Below are records that hold pictures; write out only the lines from their start through the line with "Lucky You is", exactly, and drop the pictures.

▸ **DATA SECTION**:

--

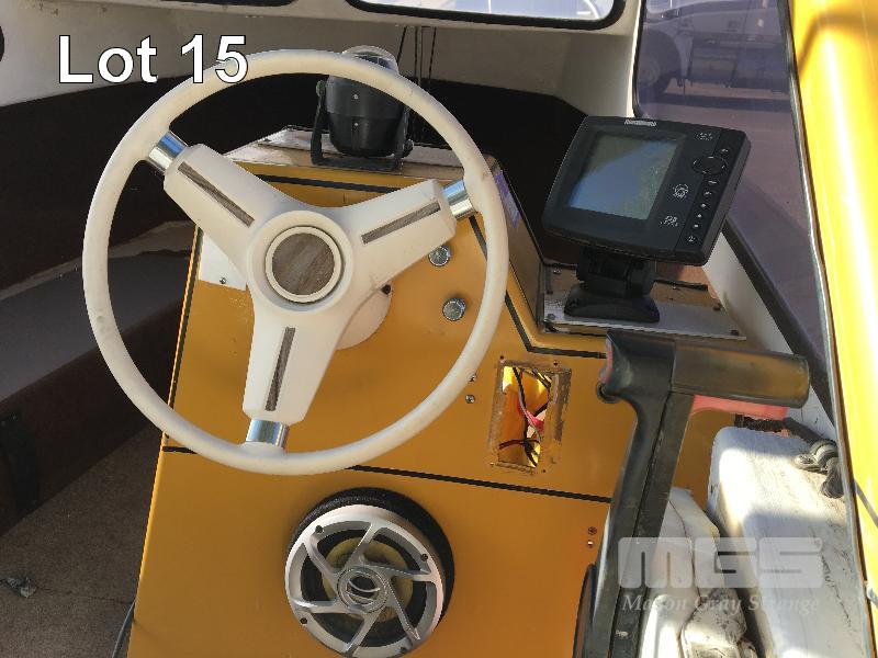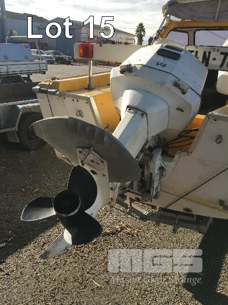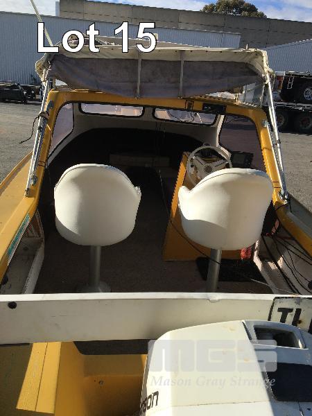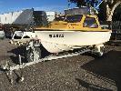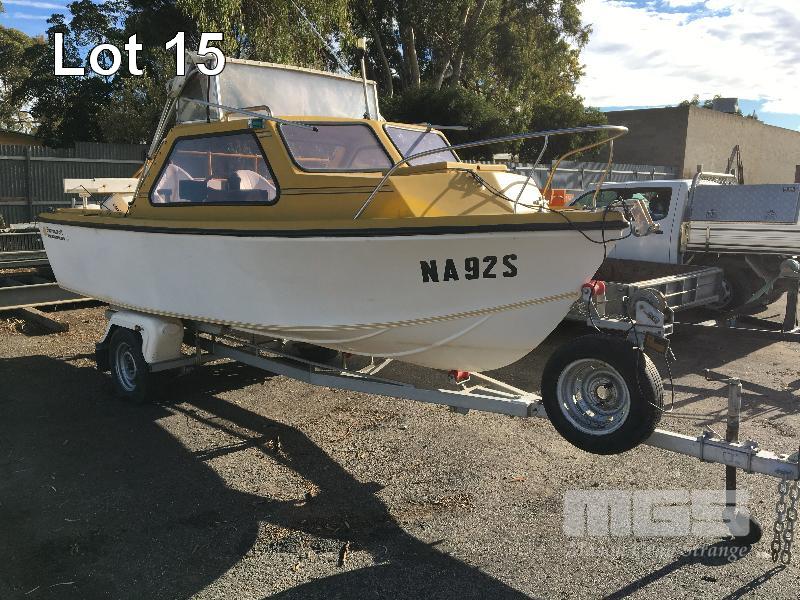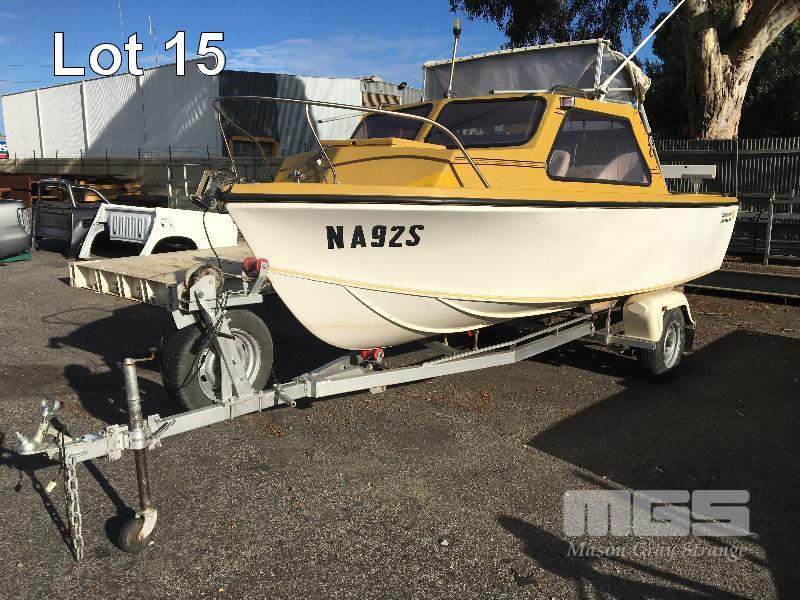 SPORTSCRAFT HUSTLER HALF CABIN BOAT 5m, FIBREGLASS HULL MARINE REG: NA92S HIN: AUTSA021901BZ5 FITTED WITH JOHNSON 90HP, V4 PETROL OUTBOARD ENGINE WHITE/YELLOW, CANOPY, ECHO SOUNDER, ON 1976 SINGLE AXLE TRAILER, TINKA REG: TLN 786 (SA) CHASSIS: 5170111 GVM: 750kg BALL HITCH, WINCH & SPARE WHEEL, WITH PAPERS
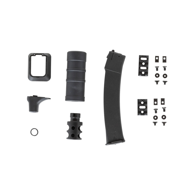 Sklopná pažba ZPT-1 je CNC obrábaná z hliníka a následne anodizovaná pre maximálnu odolnosť. Súčasťou balenia je tiež tlmič SV Saiga-9, ktorý je možné ľahko vymeniť vďaka klasickému ľavotočivému 14mm CCW závitu.
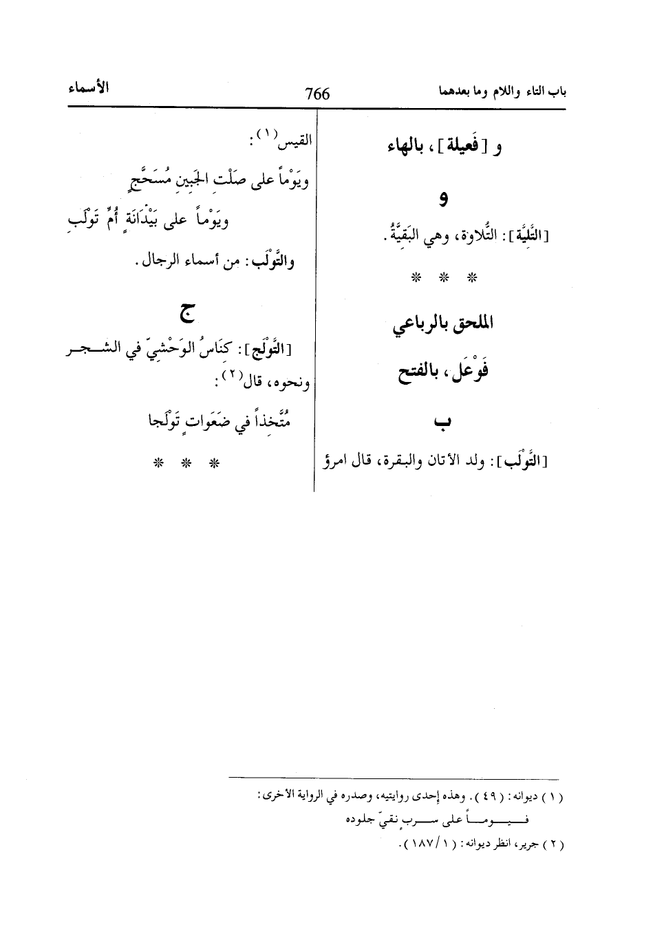 [التَّوْلَج]: كِنَاسُ الوَحْشِيّ في الشجر ونحوه، قال «2»:
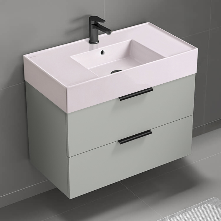 32 Inch Wall Mount Grey Mist Bathroom Vanity Cabinet With Black Handles.
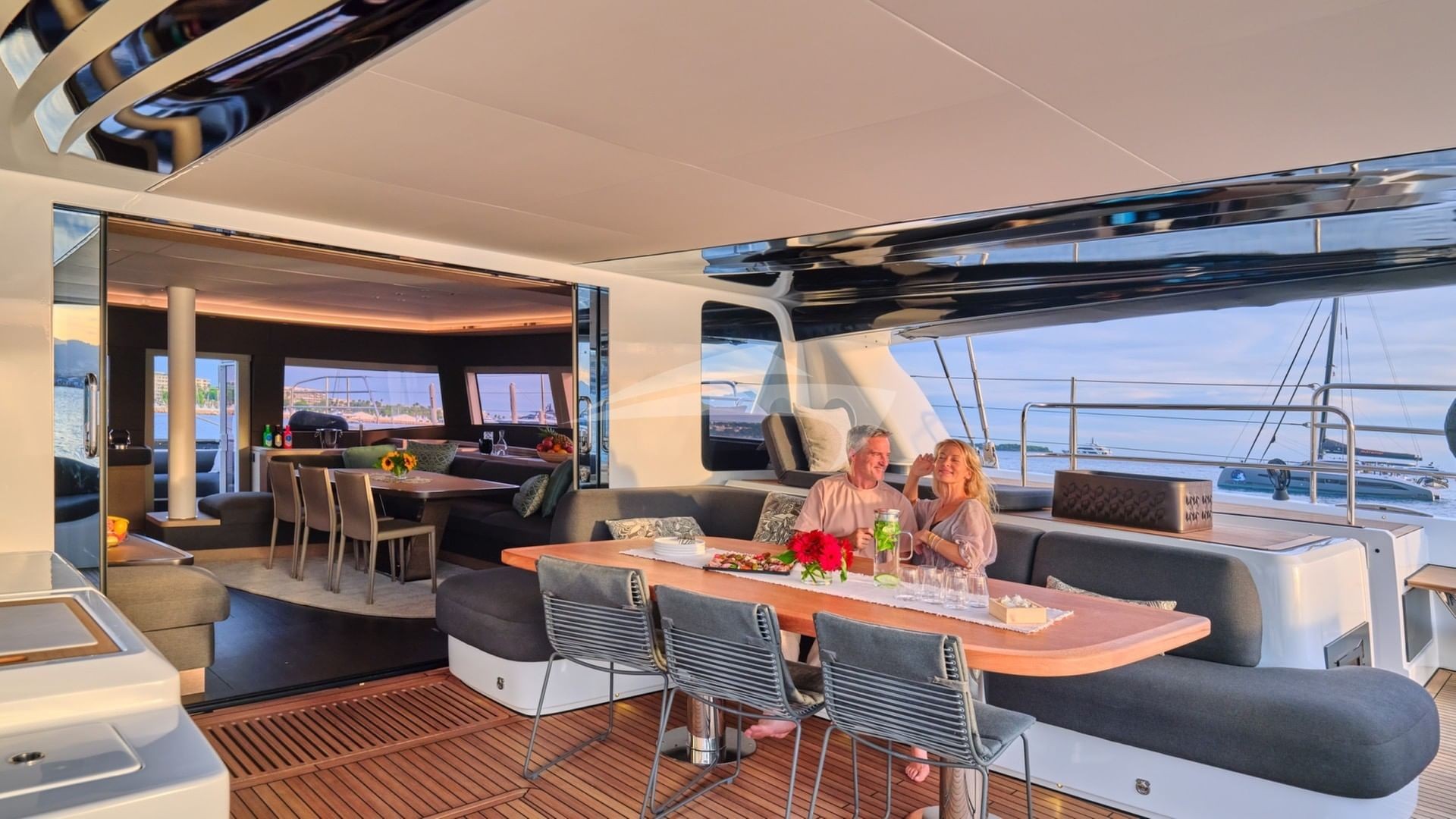Lucky You is brand new for 2025, a wonderfully spacious and well designed Lagoon Sixty5 sailing catamaran.
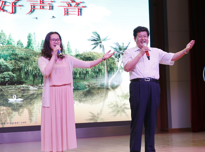 用音乐的旋律感动校园,用声音的美丽渲染青春。近日,东营市一中2014年校园文化艺术节正式拉开序幕。5月21日晚,“一中好声音”校园歌手总决赛于在学校大礼堂激情上演。学校党委书记、校长史本泉到场观看比赛,并在同学们的热情邀请下登台演唱。(通讯员 丁子勇)
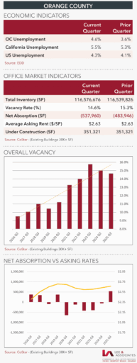 Despite its muted office-using payroll growth, Orange County office space continues to outperform many of its urban peers. Since 2023 there have been 1,432,179 SF of net absorption and vacancy has fallen from a record 15.7% to 14.6% in the last two years while, nationally, vacancy has been on the rise.
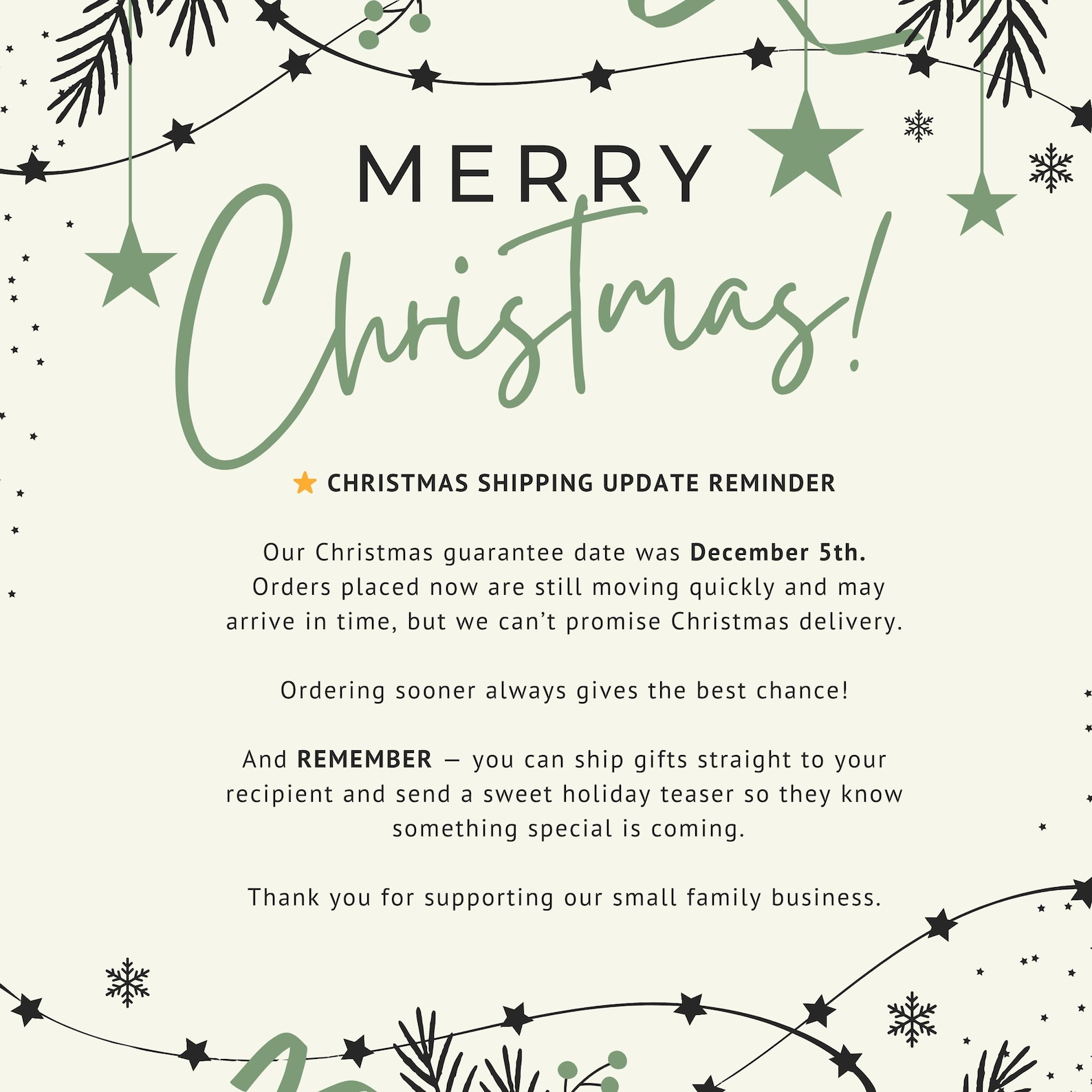 🎄 Orders placed after December 5th are NOT guaranteed to arrive by Christmas.

--

▸ **RESPONSE AREA**:
 SPORTSCRAFT HUSTLER HALF CABIN BOAT 5m, FIBREGLASS HULL MARINE REG: NA92S HIN: AUTSA021901BZ5 FITTED WITH JOHNSON 90HP, V4 PETROL OUTBOARD ENGINE WHITE/YELLOW, CANOPY, ECHO SOUNDER, ON 1976 SINGLE AXLE TRAILER, TINKA REG: TLN 786 (SA) CHASSIS: 5170111 GVM: 750kg BALL HITCH, WINCH & SPARE WHEEL, WITH PAPERS
 Sklopná pažba ZPT-1 je CNC obrábaná z hliníka a následne anodizovaná pre maximálnu odolnosť. Súčasťou balenia je tiež tlmič SV Saiga-9, ktorý je možné ľahko vymeniť vďaka klasickému ľavotočivému 14mm CCW závitu.
 [التَّوْلَج]: كِنَاسُ الوَحْشِيّ في الشجر ونحوه، قال «2»:
 32 Inch Wall Mount Grey Mist Bathroom Vanity Cabinet With Black Handles.
Lucky You is brand new for 2025, a wonderfully spacious and well designed Lagoon Sixty5 sailing catamaran.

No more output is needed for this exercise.